Mother’s Day Fun Ride

I used to hate Mother’s Day.  For a long time I felt like it was a poorly veiled condescension to humor the people who are the source of our being with flowers and breakfast in bed, as though that could somehow make up for the phenomenal responsibility women carry. In second grade, we made soaps and wrapped them in hand-dyed tissue paper tied together with ribbons and flowers (fathers got painted rocks for office paper weights on Father’s Day). I remember feeling extremely proud and good about my hand-made gifts, but then confused by my mother’s exhausted gratitude. I loved going out of my way for this lady, and somehow the most she could muster was a smile stretched over irony.

And now my own kids do the same for me–they treat me like a queen all day long, buzzing about like sated worker drones. But I’m a single mother, and it can really suck, and for many years the critical Sunday would somehow distill the negative of being divorced and having failed an ideal I’ve been as oppressed by as anyone else, in all the many ways that we are. As my children would frolic in the kitchen or happily get in the car for a trip to the garden center to buy more things to plant, I would dread the length of the hours in a day and wonder, can it just be fucking Monday already?

Think of all the people who’ve wanted to have children and couldn’t. Or those who have lost children, and the countless people who grieve the loss of their own mother, either because of death or difficult relationships. For others it’s the death of a wife. Or they feel the pressure to have children when they’d really rather not. Although most holidays celebrate some kind of spiritual or philosophical ideal, Mother’s and Father’s Days celebrate ideals of human beings, and so necessarily narrow the potential when actually there are endless ways that women, and men, show up to create, protect, and serve.
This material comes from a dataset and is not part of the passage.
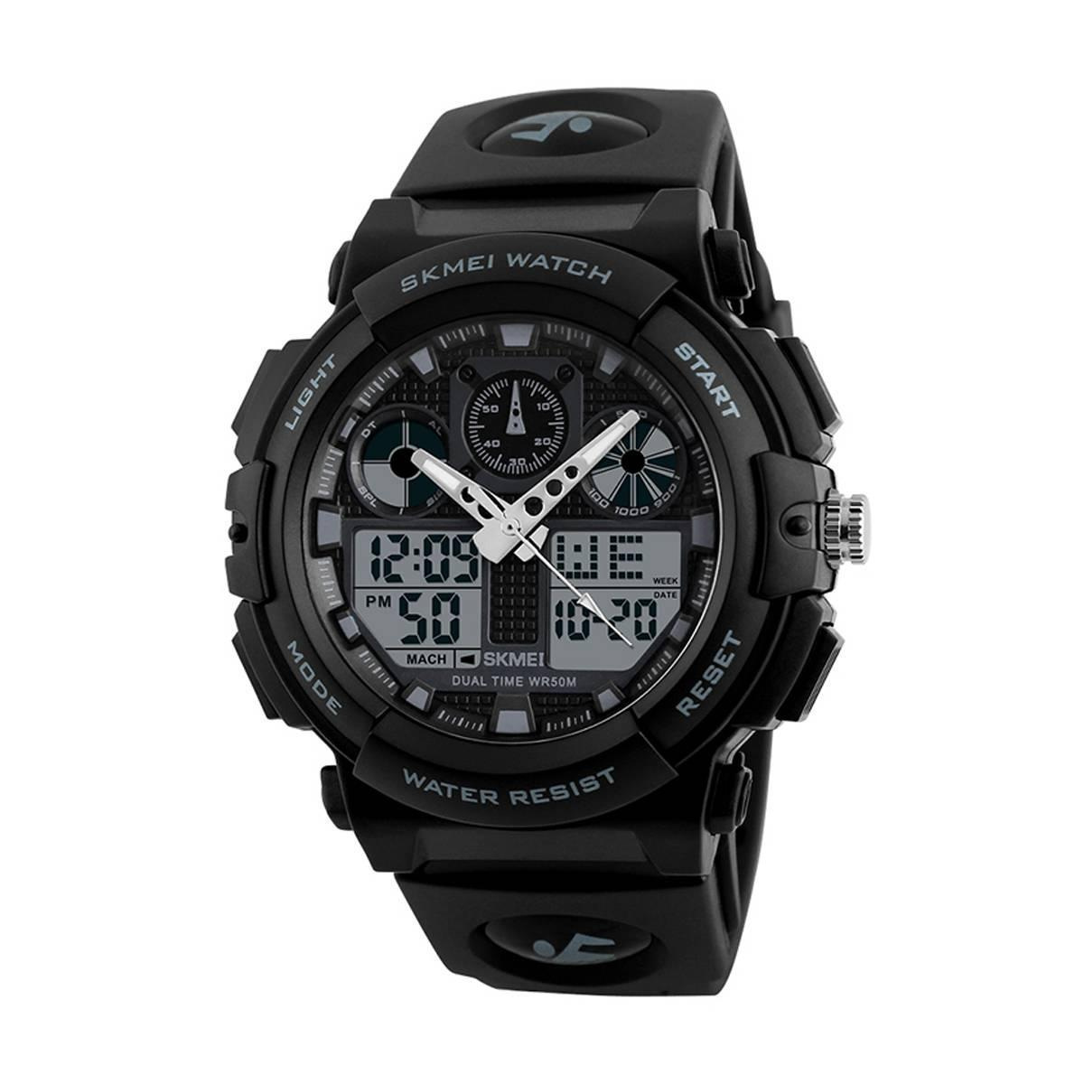 Практична і стильна модель годинника Skmei 1270 З часом японський виробник з’єднується з надійним кварцовим механізмом. Прочний пластиковий корпус з 4-ма кнопками для управління, поліуретановий ремінець з надійною застібкою і відмінно зчислений циферблат. Ви завжди будете проінформовані не тільки точним часом, але й датою, оскільки ця модель обладнана календарями.

Julie GardeningAccording to Julian of Norwich, English anchoress and Christian mystic who, in 1395, authored the first book by a woman in the English language: the Divine as Masculine is the otherworldly spirit we aspire to, while the Divine as Feminine is the manifestation in and through form, our life here on Earth. I like this, as it brings it down to what you do and how you do it, and is something that is all of us, not just women and those with children in particular. It’s how we hold space for others, whether we create, nurture, teach, or serve.

This morning my friend Julia Henzerling stopped by. She walked into my kitchen with a bag of seeds and announced it was time to get the kale in–that is, into the plot of dirt in my yard we refer to as “the garden,” which this year I’ve completely ignored. She’s also a single mother, and is about to move into our neighborhood. There’ll then be three of us with our kids, and my spot of Earth is going to be our community garden.

Julia began farming with Helen Martin at Lady Bug Farms in Arroyo Hondo in 2007, and she is now its primary manager. She also runs a graphic design consulting business and dances tap when no one’s looking. You have probably seen her serving beer and food at a variety of Taos’ fine pubs. She’s got two beautiful and very talented daughters, and she’s just started training for a 100-mile bike ride happening on Amelia Island, FL in October this year.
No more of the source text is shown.